This study used some of the few published measurements of the lateral and torsional dynamic characteristics of buildings to establish accurate analytical models of the structures. These measurements, for five different buildings, consisted of data on their fundamental mode shapes and natural frequencies. Initially, estimates of these characteristics were obtained by inputting traditional evaluations of the stiffness parameters for a TABS-77 program. In general, the traditional assumptions did not result in an adequate prediction when compared with the known experimental results. Improvements were made in the analytical models by incorporating "non-structural" elements or by reducing the efficiency of certain members until the fundamental mode shapes and frequencies were matched. Implications of incorrect modelling at the design stage were investigated for both static and dynamic lateral loadings.
This study shows that it is necessary to match both frequencies and mode shapes if an accurate analytical model is desired. Failure to match mode shapes can seriously affect the evaluation of loads carried by the structural elements when the building is subjected to lateral loads.
Internal partitions and cladding not only add stiffness to the structure but also change the mode shape. Strong evidence is provided that these nonstructural elements do carry load and do provide stiffness.

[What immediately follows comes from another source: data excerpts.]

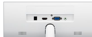
Built-in HDMI input makes the FM-24 easy to be paired with Full HD multimedia devices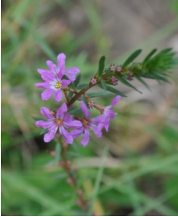
Lythrum hyssopifolia - Small Loosestrife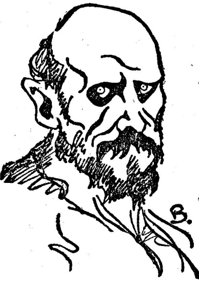
PREMIER ZANKOFF. Bulgaria's Bloody Butcher.

SOFIA, Bulgaria, Jan. 3.—It is believed that the rule of Zankoff, mass murderer of workers and peasants under white terror, and present premier of Bulgaria, is nearing an end. Internal struggles among the cabinet are breaking down his power. Yesterday Zankoff announced the resignation of the minister of public works, Stojentchev, and demanded an adjournment of parliament until the cabinet is reconstructed. The president of the chamber declared a majority vote for adjournment in spite of the clear majority against it. Violent protests were made by the opposition.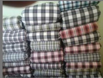
Yarn Dyed Woven Fabric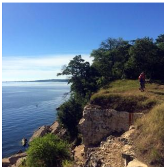
View of Lake Takoma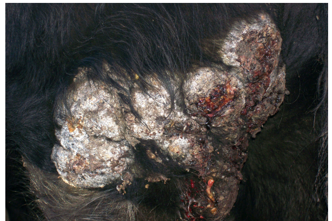
Fig.2. Higher magnification of the lesion in the left hind limb of Bull B.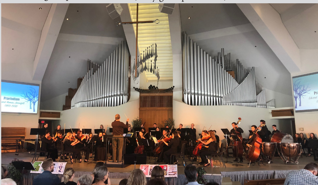
PICTURE LEFT: Concordia Sinfonietta performing in the CU Center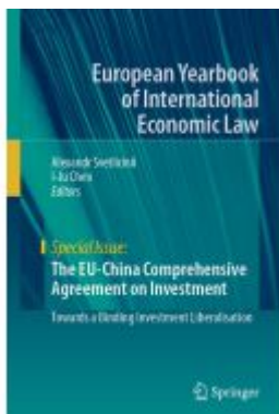
The EU-China Comprehensive Agreement on Investment Ladenpreis: 175,99EUR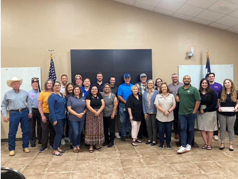
Ladies Lunch at TSA 2023

Pedernales Electric passed out checks to all 501c3 groups selected by the employees. Ben Hur has been privileged to receive a check for the Galveston Hospital for many years. Thank you PEC for your generous donation.

This study shows that shear lag exists in shear wall elevator cores commonly occurring in buildings and this should not be neglected.
Large panels buildings apparently have significant joint rotation between panels and this should be accommodated in some manner in developing an analytical model.
Considerable inaccuracies have been shown to exist in present design and practice and this study provides guidance for significantly improving present analytical modelling. / Ph. D.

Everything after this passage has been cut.